EXERCISE AIM ▸
Would you transcribe the listing that follows word for word, skipping pictures?

DATA SEGMENT ▸

++++++

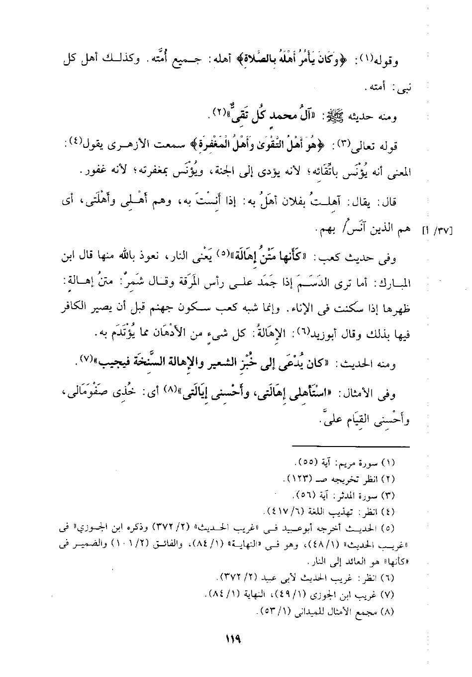قال: يقال: آهلت بفلان أهل به: إذا أنست به، وهم أهلي وأهلتي، أي هم الذين آنس/ بهم.
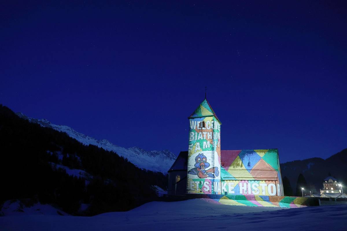 Kostel Sv. Marie a Michaela ve vesnici Churwalden je každý večer nasvícen v barvách biatlonového mistrovství.
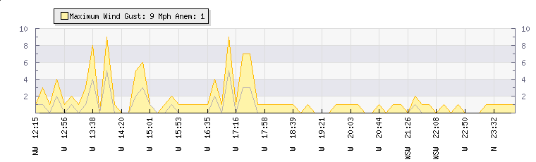 | Wind Gust: | 9 mph | Min Temp: | 8.7 °C | Max Temp: | 23.7 °C | | Wind Average: | 5 mph | Min Hum: | 66 % | Max Hum: | 95 % | |  |
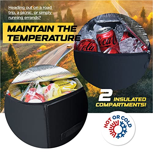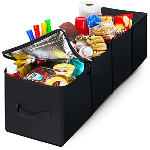 Details: ★ Customized design fits in the Trunk of Most Vehicles. Measuring 46” x 12” x 12” Inches.★ 2 Big Insulated Compartments to store grocery items, or to keep hot or cold food while you travel on a long trip.★ 2 Big Compartments to store travel accessories, sports gear, pet supplies, tools, toys, and emergency equipment.★ Zippered cover insulated compartments to ensure the food keeps cool.★ Sturdy Walls with good Support.★ Fully Collapsible so when not in use the organizer will fold flat for easy storage.★ Premium high-quality polyester material.★ Water-resistant fabric for easy care.

++++++

YOUR RESPONSE ▸
قال: يقال: آهلت بفلان أهل به: إذا أنست به، وهم أهلي وأهلتي، أي هم الذين آنس/ بهم.
 Kostel Sv. Marie a Michaela ve vesnici Churwalden je každý večer nasvícen v barvách biatlonového mistrovství.
 | Wind Gust: | 9 mph | Min Temp: | 8.7 °C | Max Temp: | 23.7 °C | | Wind Average: | 5 mph | Min Hum: | 66 % | Max Hum: | 95 % | |  |
 Details: ★ Customized design fits in the Trunk of Most Vehicles. Measuring 46” x 12” x 12” Inches.★ 2 Big Insulated Compartments to store grocery items, or to keep hot or cold food while you travel on a long trip.★ 2 Big Compartments to store travel accessories, sports gear, pet supplies, tools, toys, and emergency equipment.★ Zippered cover insulated compartments to ensure the food keeps cool.★ Sturdy Walls with good Support.★ Fully Collapsible so when not in use the organizer will fold flat for easy storage.★ Premium high-quality polyester material.★ Water-resistant fabric for easy care.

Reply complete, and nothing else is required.